Les Chroniques de Sire Jean Froissart/Livre I, Partie I/Chapitre LXXXIX
CHAPITRE LXXXIX.
Le roi de France étoit parti de Saint-Quentin atout son plus grand effort ; et toujours lui croissoient gens, et venoient de tous pays. Si exploita tant ledit roi et tout son ost qu’ils vinrent à Buironfosse ; et là s’arrêta le dit roi, et commanda à toutes ses gens loger et arrêter ; et dit qu’il n’iroit plus avant, tant qu’il eut combattu le roi anglois et tous ses alliés, puisqu’il étoit à deux lieues près.
Si très tôt que le comte Guillaume de Hainaut, qui se tenoit au Quesnoy, tout pourvu de gens d’armes, put savoir que le roi de France étoit logé et arrêté à Buironfosse, en espoir de combattre les Anglois, il se partit du Quesnoy à plus de cinq cents lances, et chevaucha tant qu’il vint en l’ost du roi de France, et se représenta au dit roi son oncle, qui ne lui fit mie si liée chère que le comte voulut, pour cause de ce qu’il avoit été devant Cambray avec son adversaire le roi anglois et fortement apovri et couru Cambrésis.

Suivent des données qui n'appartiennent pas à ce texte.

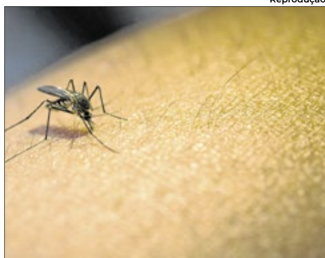
Pelo menos 5.872 mortes causadas pela doença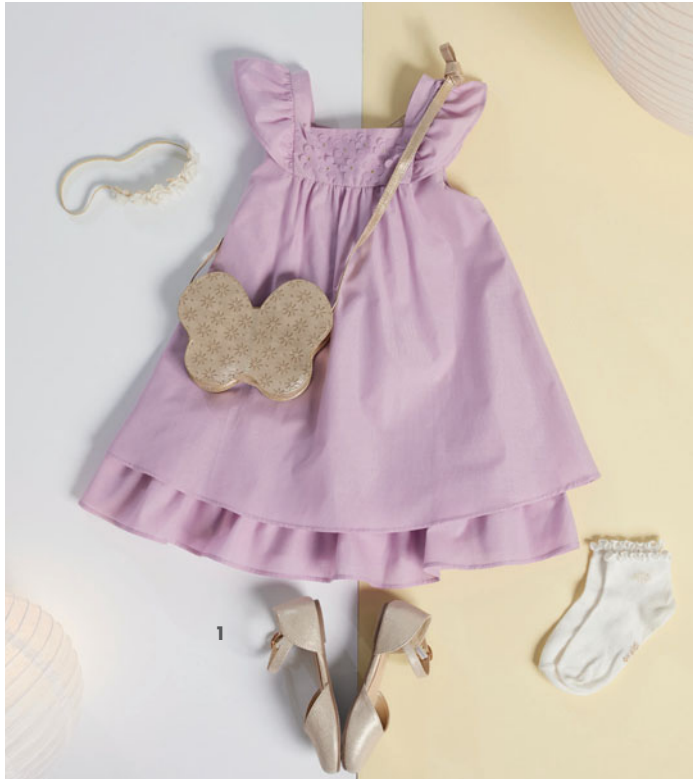
1. فستان من 3 أشهر إلى 14 سنة حقيبة رباط للرأس جوارب قصيرة (مجموعة تضم 3 قطع) من مقاس 23 إلى مقاس 38 حذاء باليرينا من مقاس 25 إلى مقاس 36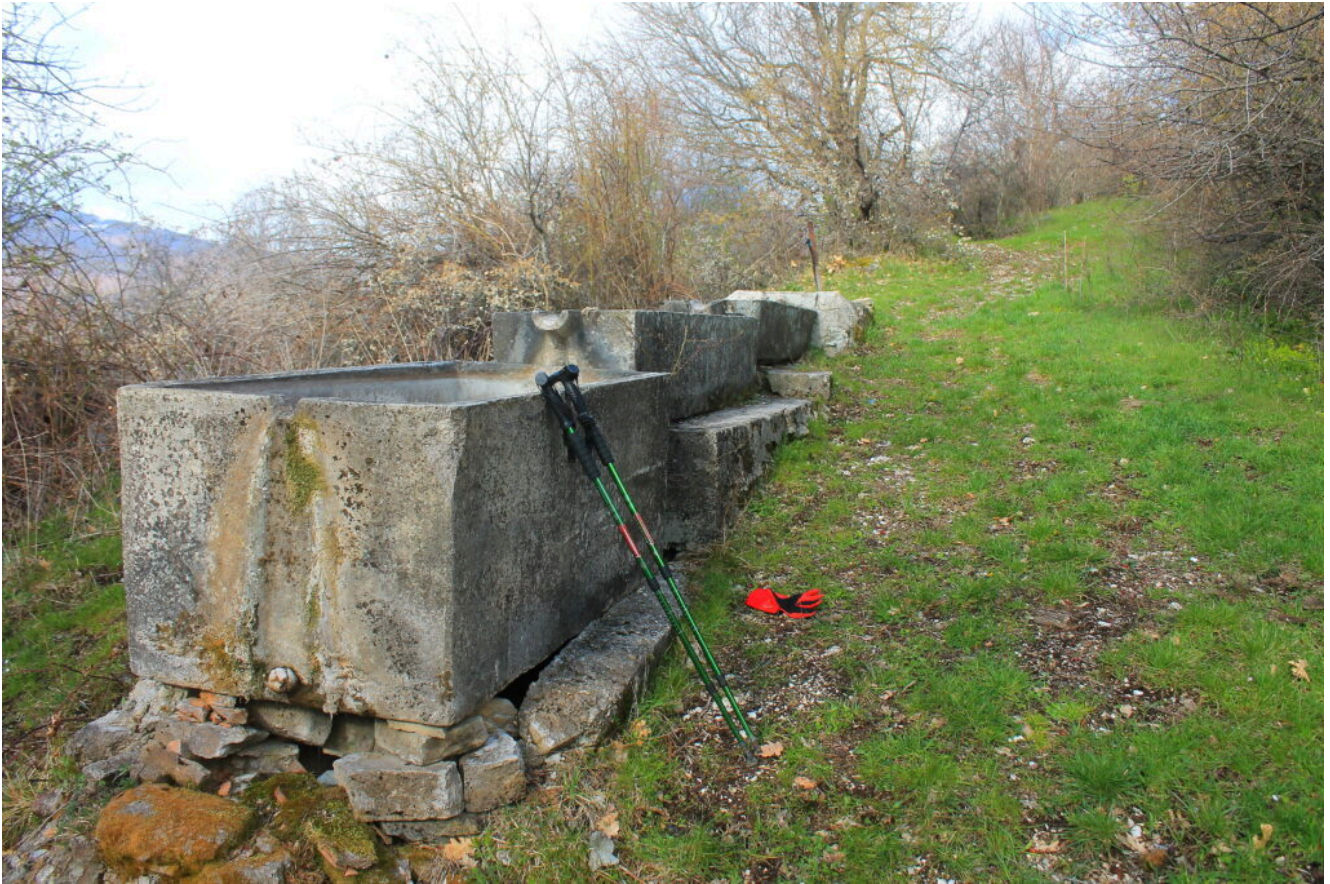
3- Il fontanile posto all'inizio del tratturo.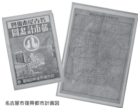
名古屋復興都市計画図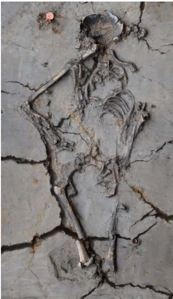
Afb. 2. Het skelet van een vrouw met een baby.

De Swifterbandcultuur leefde tussen 5300 en 3400 voor Christus in delen van Nederland en Duitsland en staat erom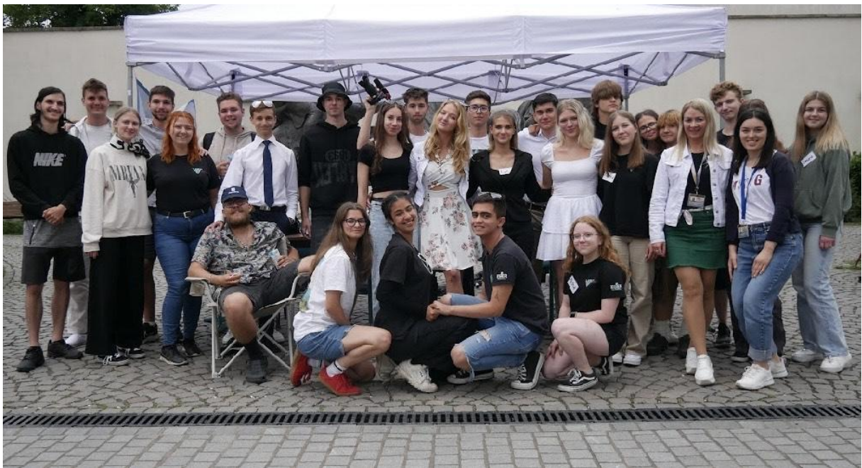
Játék Tanárok Nélkül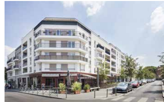
Carré Renaissance II - Noisy-le-Grand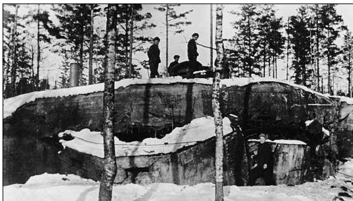
«Миллионный» ДОТ на «линии Маннергейма». Размеры сооружения можно представить, сравнив с фигурками стоящих рядом бойцов. Карельский перешеек, февраль 1940 года.

На переговорах в Москве 23–25 октября и 2–4 ноября 1939 года достичь компромис-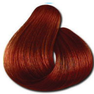
77.46 Loiro Médio Cobre Vermelho Especial

Nonpourquant le comte s’en porta assez bellement, et s’excusa si sagement au roi son oncle, que le roi et tout son conseil pour cette fois s’en contentèrent assez bien ; et fut ordonné des maréchaux, le maréchal Bertrand[1] et le maréchal de Trie[2], à soi loger au plus près des Anglois.